◆ **Exercise requirements**:
All of the data that follows should be given again exactly, without its images.

◆ **Data below**:
^^^^^^^^

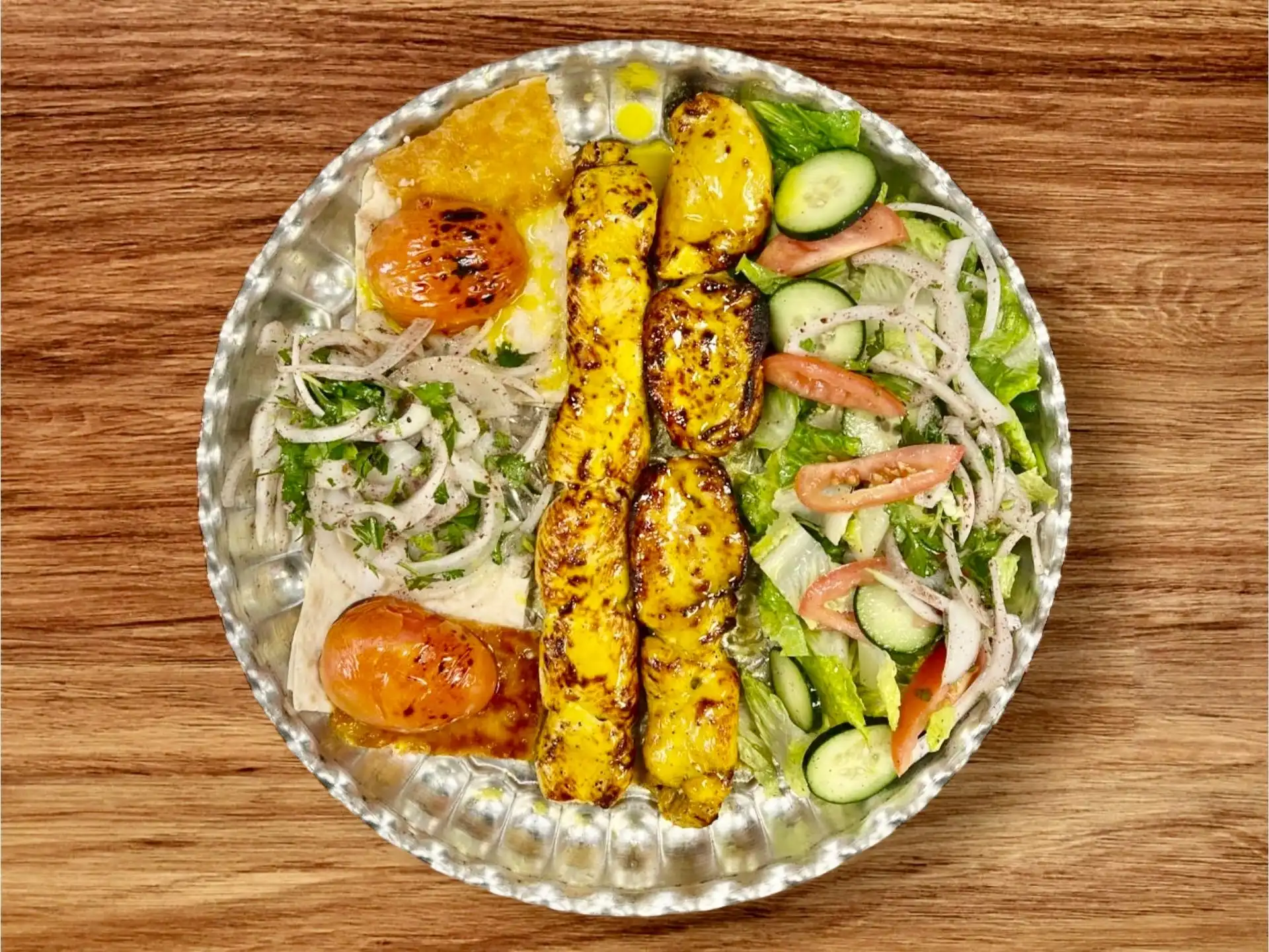 One Skewer Of Chicken Breast , One Skewer Of Ground Beef Kabob (Koobideh) Served With Salad & Grilled Tomato
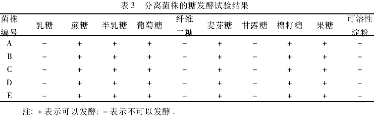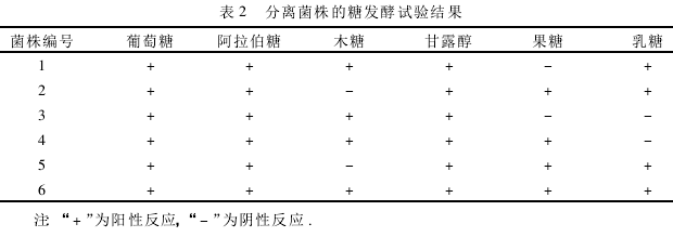 2.1.2.2 芽孢桿菌糖發(fā)酵特性的鑒定( 見表 2)
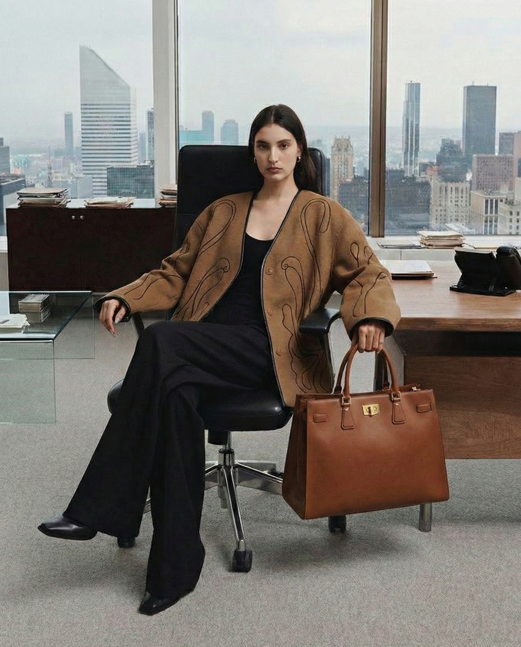 This elegant woolen coat features intricate embroidery and a large V-collar, perfect for adding a touch of sophistication to your winter wardrobe. Its short design and original style make it a versatile piece for both casual and formal occasions.

^^^^^^^^

◆ **Exercise result**:
 One Skewer Of Chicken Breast , One Skewer Of Ground Beef Kabob (Koobideh) Served With Salad & Grilled Tomato
 2.1.2.2 芽孢桿菌糖發(fā)酵特性的鑒定( 見表 2)
 This elegant woolen coat features intricate embroidery and a large V-collar, perfect for adding a touch of sophistication to your winter wardrobe. Its short design and original style make it a versatile piece for both casual and formal occasions.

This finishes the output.